▸ **Source information**:
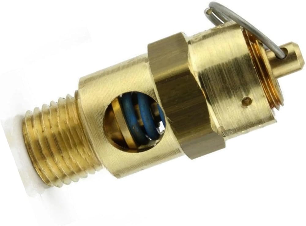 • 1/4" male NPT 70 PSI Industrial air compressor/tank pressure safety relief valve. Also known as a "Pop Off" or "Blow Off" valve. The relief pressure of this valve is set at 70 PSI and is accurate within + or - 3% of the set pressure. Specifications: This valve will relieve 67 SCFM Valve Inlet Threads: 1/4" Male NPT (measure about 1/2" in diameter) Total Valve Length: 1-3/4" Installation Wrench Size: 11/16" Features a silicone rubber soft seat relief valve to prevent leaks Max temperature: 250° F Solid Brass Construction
==
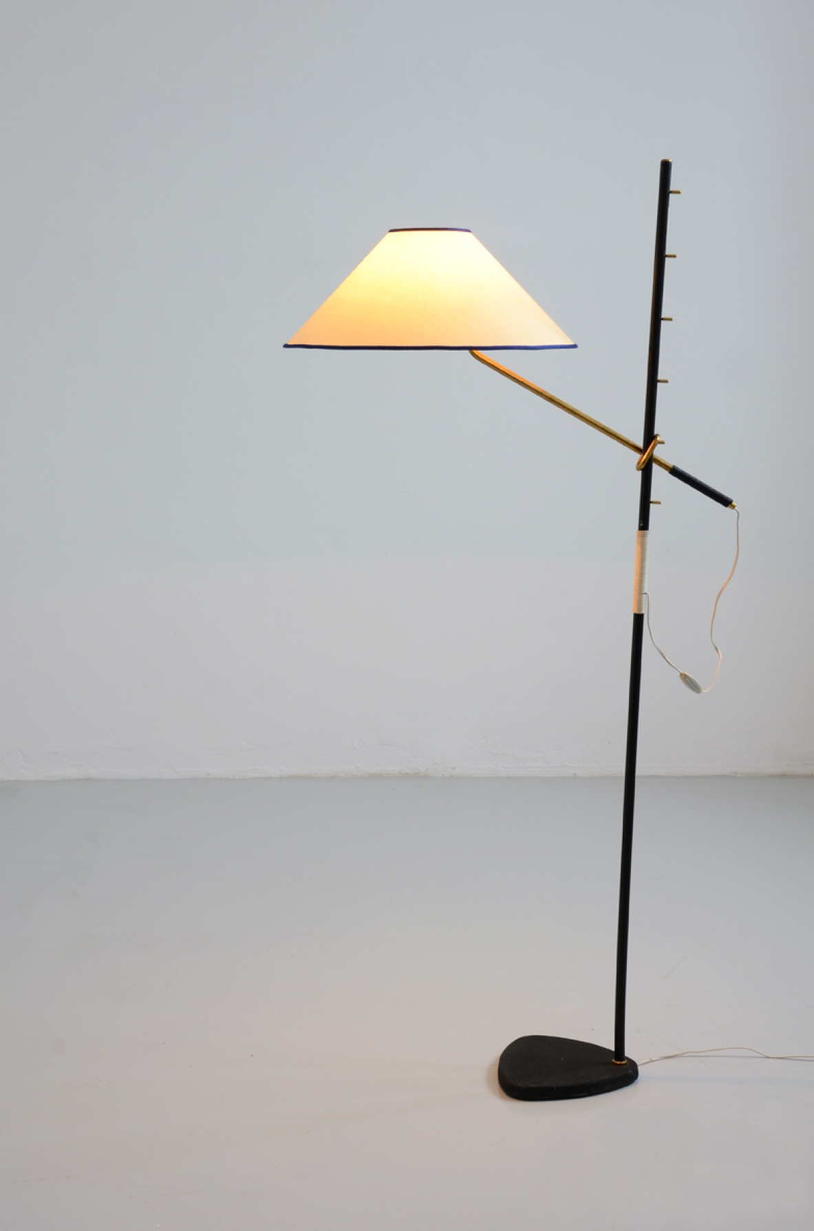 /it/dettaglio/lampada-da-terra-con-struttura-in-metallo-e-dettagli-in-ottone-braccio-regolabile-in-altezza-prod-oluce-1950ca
==
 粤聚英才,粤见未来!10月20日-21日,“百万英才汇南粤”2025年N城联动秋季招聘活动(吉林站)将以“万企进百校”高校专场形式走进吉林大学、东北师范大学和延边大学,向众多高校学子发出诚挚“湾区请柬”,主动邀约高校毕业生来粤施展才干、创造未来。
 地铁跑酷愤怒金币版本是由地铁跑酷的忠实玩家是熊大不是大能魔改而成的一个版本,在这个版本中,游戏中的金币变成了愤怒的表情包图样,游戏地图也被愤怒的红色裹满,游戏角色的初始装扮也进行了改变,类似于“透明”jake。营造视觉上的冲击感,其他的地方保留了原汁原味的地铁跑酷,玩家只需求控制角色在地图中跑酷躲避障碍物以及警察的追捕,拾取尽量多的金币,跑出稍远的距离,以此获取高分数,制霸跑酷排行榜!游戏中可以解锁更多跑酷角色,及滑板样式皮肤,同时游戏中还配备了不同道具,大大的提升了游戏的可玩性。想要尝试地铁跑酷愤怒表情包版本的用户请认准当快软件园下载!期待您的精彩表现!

▸ **Task brief**:
The range runs from the line with "粤聚英才,粤见未来!10月2" up to and including the line with "地铁跑酷愤怒金币版本是由地铁" in the listing above; please write out exactly those lines and nothing more.

▸ **Result of this task**:
 粤聚英才,粤见未来!10月20日-21日,“百万英才汇南粤”2025年N城联动秋季招聘活动(吉林站)将以“万企进百校”高校专场形式走进吉林大学、东北师范大学和延边大学,向众多高校学子发出诚挚“湾区请柬”,主动邀约高校毕业生来粤施展才干、创造未来。
 地铁跑酷愤怒金币版本是由地铁跑酷的忠实玩家是熊大不是大能魔改而成的一个版本,在这个版本中,游戏中的金币变成了愤怒的表情包图样,游戏地图也被愤怒的红色裹满,游戏角色的初始装扮也进行了改变,类似于“透明”jake。营造视觉上的冲击感,其他的地方保留了原汁原味的地铁跑酷,玩家只需求控制角色在地图中跑酷躲避障碍物以及警察的追捕,拾取尽量多的金币,跑出稍远的距离,以此获取高分数,制霸跑酷排行榜!游戏中可以解锁更多跑酷角色,及滑板样式皮肤,同时游戏中还配备了不同道具,大大的提升了游戏的可玩性。想要尝试地铁跑酷愤怒表情包版本的用户请认准当快软件园下载!期待您的精彩表现!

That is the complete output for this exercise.